I finanziamenti non sono mancati.
Sono mancate la capacità di trasformarli in opere e il coraggio di decidere.
Le responsabilità vanno cercate soprattutto nella classe politica locale e nel debole controllo esercitato dai cittadini-elettori.
C’è una cifra che attraversa la storia di Niscemi come un convitato di pietra, discreto ma ineludibile: 13,2 milioni di euro. Arrivano nel maggio del 2008 con un’ordinanza della Presidenza del Consiglio dei ministri, allora guidata da Silvio Berlusconi, quando ormai era chiaro che la frana del 1997 non era stata un incidente, ma un avvertimento formale, protocollato e studiato. Quelle risorse non erano pensate per lenire l’emergenza, bensì per superarla: opere strutturali, consolidamento dei versanti, regimentazione delle acque, messa in sicurezza definitiva. Nulla di tutto ciò viene realizzato. L’emergenza viene prorogata, gli studi si moltiplicano, i faldoni crescono. I soldi restano immobili, come se il territorio potesse attendere.

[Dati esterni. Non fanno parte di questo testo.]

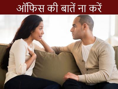 1) ऑफिस की बातें ना करें: पति-पत्नी अगर दोनों वर्किंग हैहैं तो जाहिर है कि दिन में अंत में एक दूसरे के ऑफिस की बातें शेयर करते होंगे। अगर आप ऐसा करते हैं तो जरूर करें, मगर खाने के टेबल तक। इसके बाद बेड पर आने तक इन बातों को ख़त्म कर दें। क्यूंकि ये दोनों के बीच स्ट्रेस को बढ़ाती हैं।
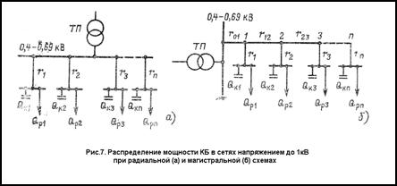 Рассмотрим размещение КБ в сетях напряжением до 1 кВ при отсутствии в этих сетях СД. Распределение мощностей КБ в таких сетях зависит от структуры сети - радиальная (рис. 7, а) или магистральная (рис. 7, б). В радиальной сети от шин 0,4-0,69 кВ ТП отходят п радиальных линий, питающих п силовых шкафов с реактивными расчётными нагрузками
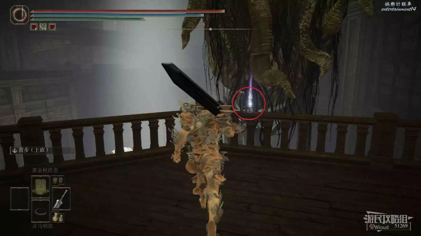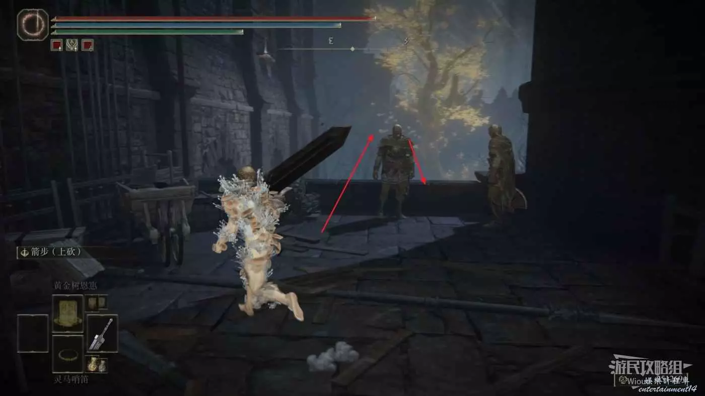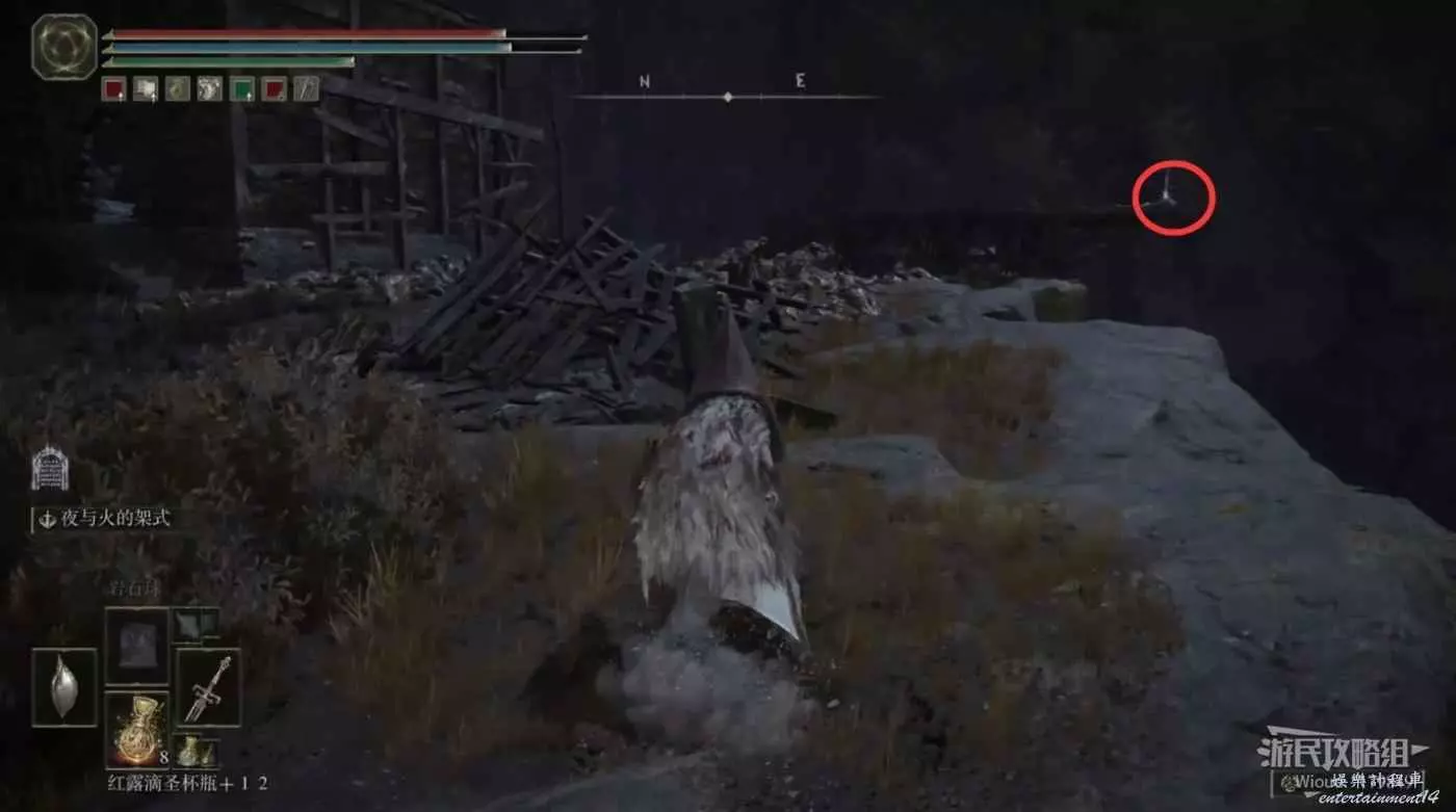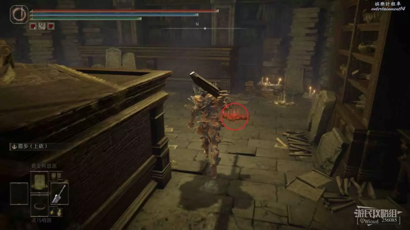 首先傳送到塔之鎮的賜福【民宅小祭壇】,往前走出門走過樓梯並擊敗一個拿著大刀的角戰士後往右邊一直走。
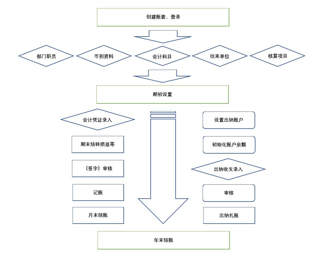【出纳业务操作流程】:设置出纳账户 → 初始设置 → 出纳收支凭证录入 → 审核 → 出纳轧账(反轧账);
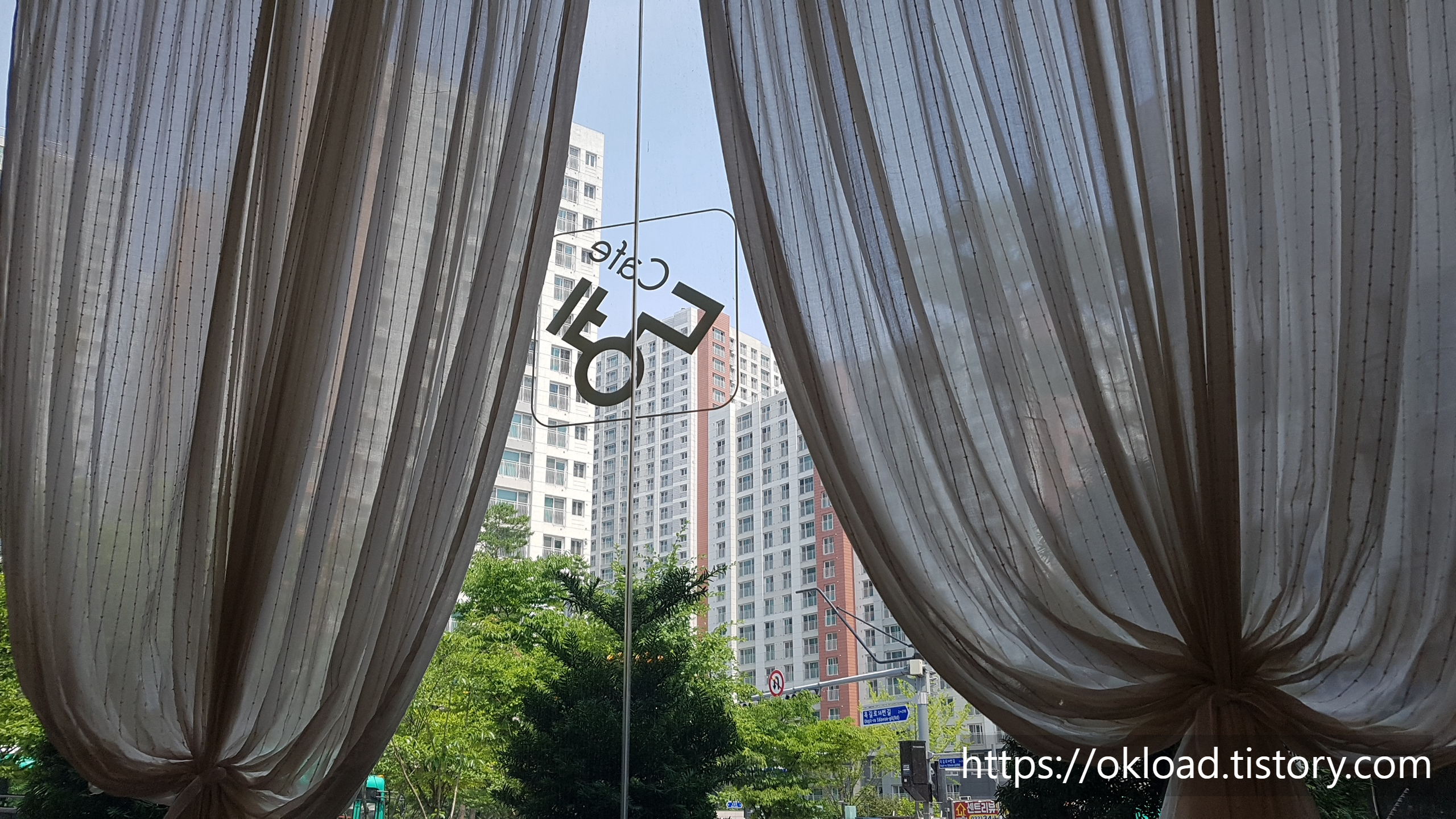 카페동네 옥길점은 유리창이 넓은 통유리로 되어 있어서 채광이 좋다. 그래서 꽤나 큰 커튼을 묶어놔도 전혀 개방감을 해하지 않는다.

Nel 2014 un nuovo evento franoso produce un progetto di regimentazione delle acque: appaltato, poi inghiottito da un contenzioso che lo blocca prima di cominciare. Parte delle risorse viene impiegata per completare demolizioni del 1997. Tra il 2014 e il 2020, tramite il portale “Rendis”, lo Stato finanzia tutte le opere richieste dai Comuni siciliani. Da Niscemi non arriva alcuna istanza. Anche il non decidere è una decisione. Nel 2019 arrivano 1,2 milioni per interventi parziali, nel 2022 circa 13 milioni per nuova progettazione, nel dicembre 2025 altri 4 milioni per demolizioni. Ogni finanziamento è un capitolo aperto e mai concluso, ogni rinvio una porzione di collina che avanza. Così la frana di oggi non sorprende: conferma. A Niscemi non è mancato il denaro né l’attenzione episodica dello Stato. È mancata la volontà di trasformare le risorse in opere e i finanziamenti in scelte irreversibili. Le responsabilità vanno cercate soprattutto nella classe politica locale e nel debole controllo esercitato dai cittadini-elettori.